In this section, we describe different use cases based on several examples. The first couple of examples we discuss are student projects implementing two well-known games: Pac-Man and Chess in Sects. 3.1 and 3.2, respectively. Furthermore, we present an application in Sect. 3.3 that does not represent the typical software development cycle, but rather shows how to use the API in a more creative way: it implements a web application that checks whether predicates (written in B or \(\hbox {TLA}^+\)) are valid and provides counter-examples when not. Afterwards, in Sect. 3.4, we show an experiment regarding domain specific languages on top of B. Finally, the approach found use in two more complex projects, namely a timetable planner for university courses, and a safety critical, industrial application for the ETCS Hybrid Level 3 concept, considered in Sects. 3.5 and 3.6, respectively.

For the four software prototypes, we use the state that is translated into Java data structures in order to provide an (interactive) visualisation.
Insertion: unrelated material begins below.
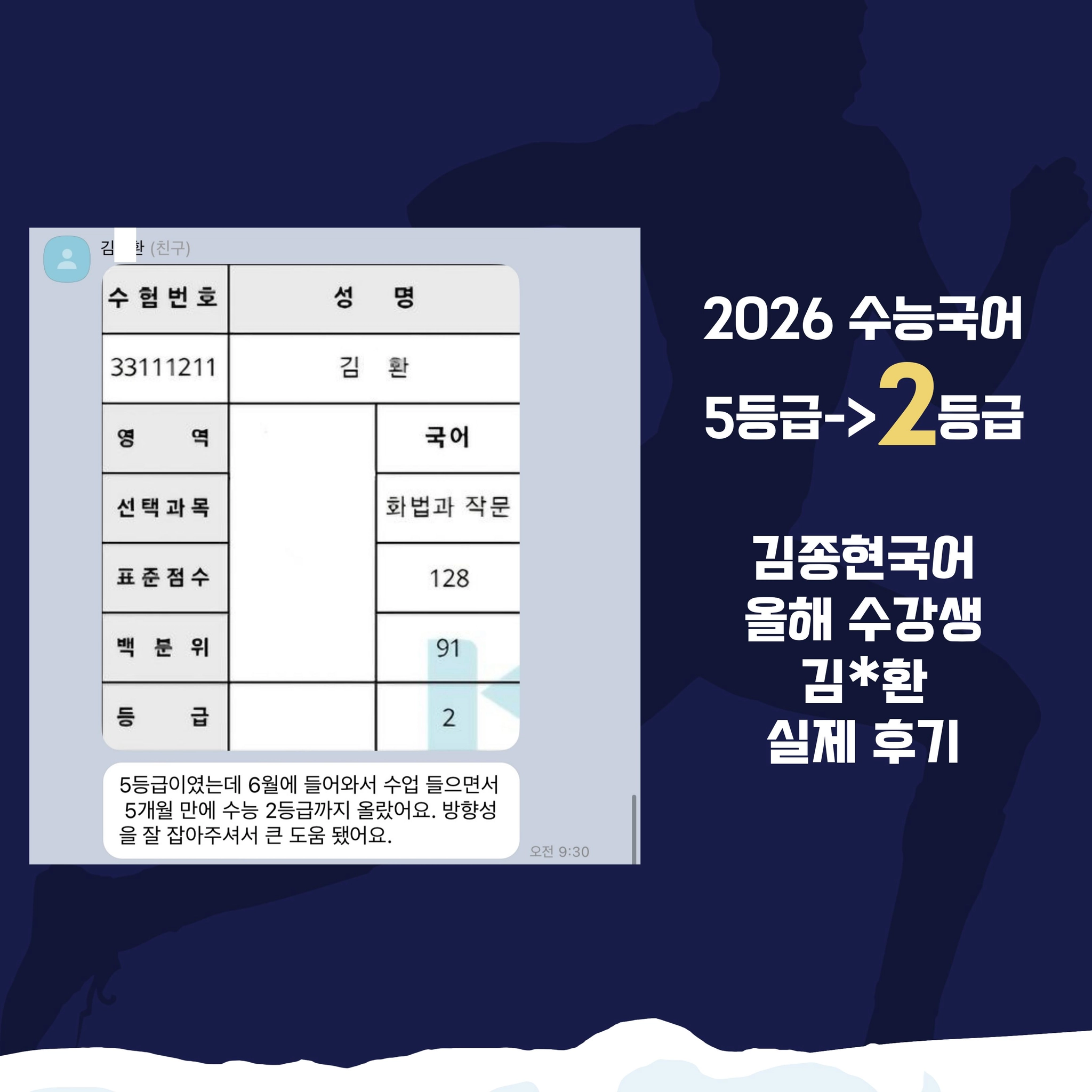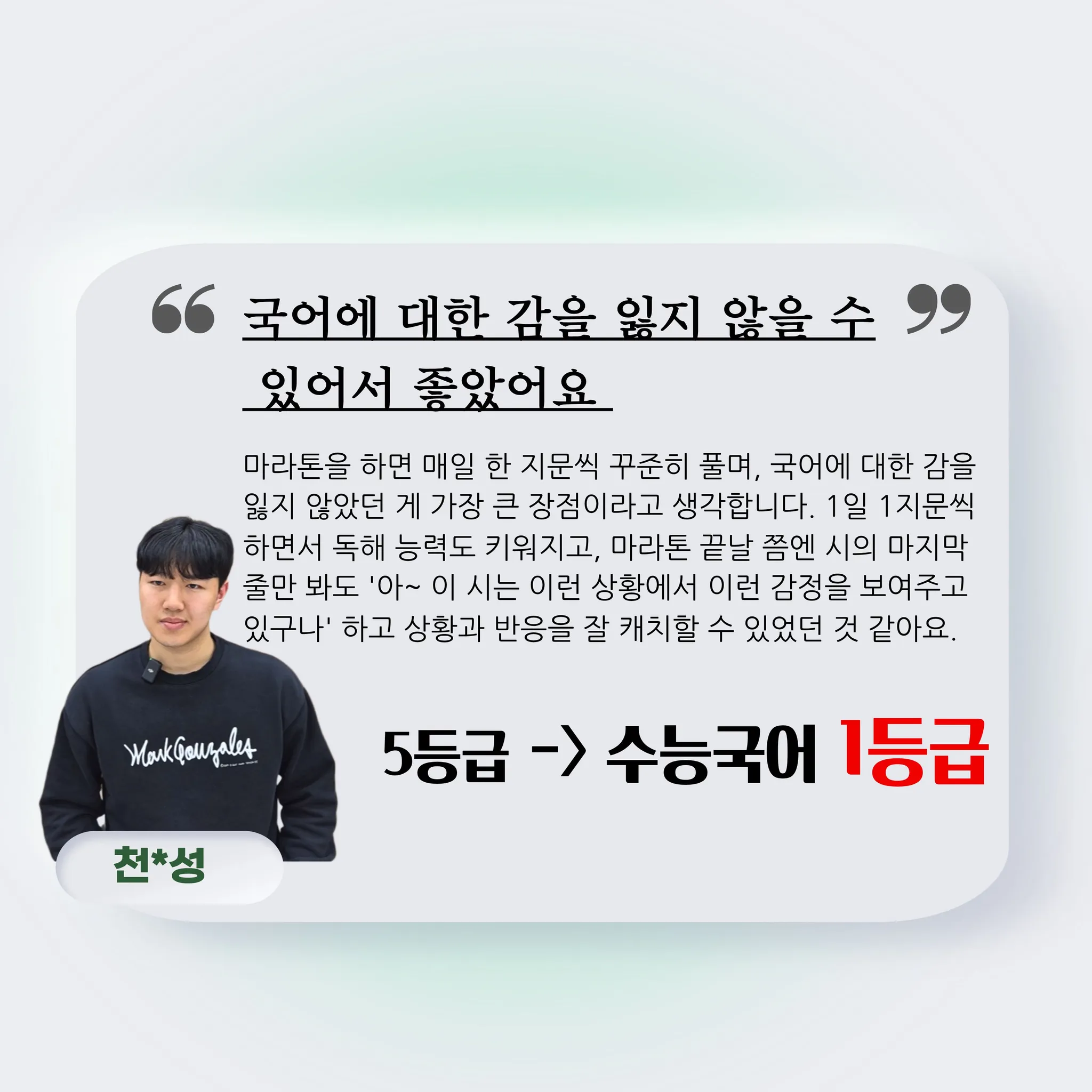 ■ 성적 : 9모 5등급에서 수능국어 1등급 달성

The other examples provide feedback to the user via the web-based front-end or uses a read-eval-print-loop (REPL) for user interaction.

Links to all code examples that are publicly available are given in the “Code availability” section at the end of the article.

3.1 Real-time animation: Pac-Man

Our first example application is based on a formal model of Pac-Man.

The formal model itself is written in Event-B. It specifies all valid positions on the board that the Pac-Man and the ghosts can be in. There are state transitions that describe valid moves, though in the model itself ghosts are allowed to turn around. The model also manages the duration and targets of super pills (so that ghosts may be eaten, but only once per pill), and encounters of the Pac-Man with pills and ghosts. Finally, it keeps tracks of the Pac-Man’s lives and deadlocks the game once none of Pac-Man’s lives are left. It is possible to play a turn-based version of Pac-Man in the animator.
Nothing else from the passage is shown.